Reputation: 130
Given the following Data Frame:
df = pd.DataFrame({'term' : ['analys','applic','architectur','assess','item','methodolog','research','rs','studi','suggest','test','tool','viewer','work'],
'newValue' : [0.810419, 0.631963 ,0.687348, 0.810554, 0.725366, 0.742715, 0.799152, 0.599030, 0.652112, 0.683228, 0.711307, 0.625563, 0.604190, 0.724763]})
df = df.set_index('term')
print(df)
newValue
term
analys 0.810419
applic 0.631963
architectur 0.687348
assess 0.810554
item 0.725366
methodolog 0.742715
research 0.799152
rs 0.599030
studi 0.652112
suggest 0.683228
test 0.711307
tool 0.625563
viewer 0.604190
work 0.724763
I am trying to update values in this string behind each "^" with the values from the Data Frame.

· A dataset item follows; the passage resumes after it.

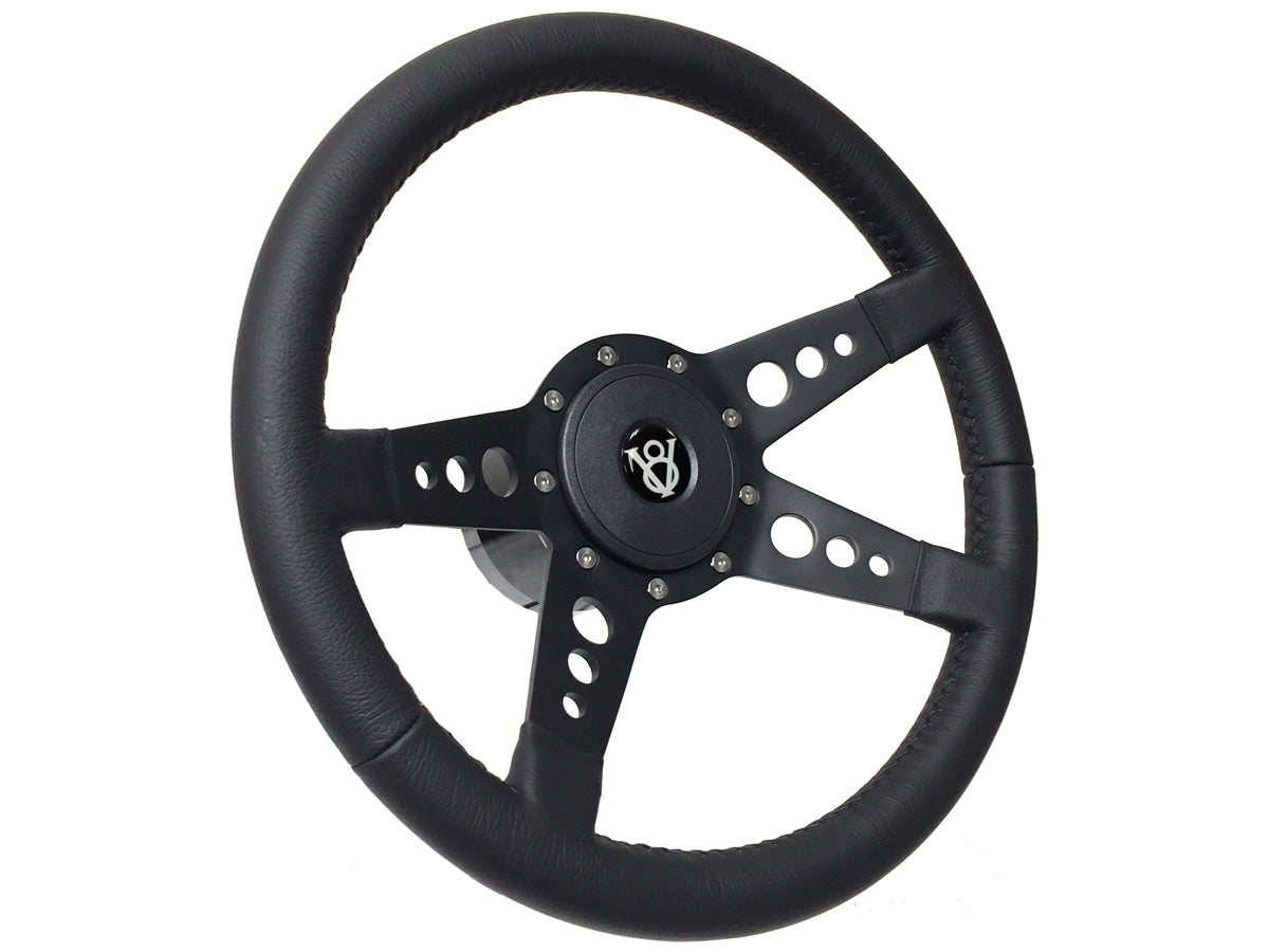 14" Leather 9-Bolt Steering Wheel Hot Rod V8 Black Kit, 4-Spoke Holes
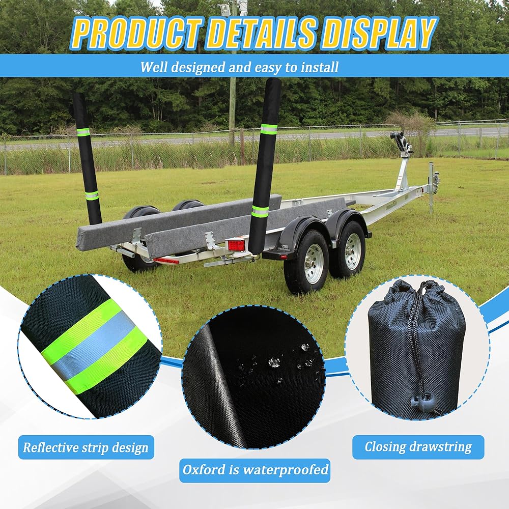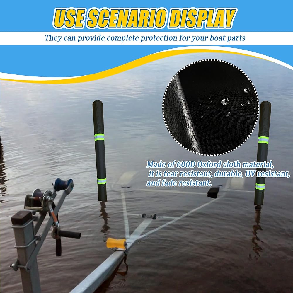 - Heavy Duty Boat Trailer Guide Pole Cover comes with a lid and a drawstring for easy sliding into place, and can be installed in just a few seconds.

(analysi analys^0.8046919107437134 studi^0.6034331321716309 framework methodolog^0.7360332608222961 architectur^0.6806665658950806)^0.0625 (recommend suggest^0.6603200435638428 rs^0.5923488140106201)^0.125 (system tool^0.6207902431488037 applic^0.610009491443634)^0.25 (evalu assess^0.7828741073608398 test^0.6444937586784363)^0.5
Additionally, this should be done with regard to the corresponding word such that I get this:
(analysi analys^0.810419 studi^0.652112 framework methodolog^0.742715 architectur^0.687348)^0.0625 (recommend suggest^0.683228 rs^0.599030)^0.125 (system tool^0.625563 applic^0.631963)^0.25 (evalu assess^0.810554 test^0.711307)^0.5
Thanks in advance for helping!
Upvotes: 1
Views: 67
Reputation: 405715
The best way I could come up with does this in multiple stages.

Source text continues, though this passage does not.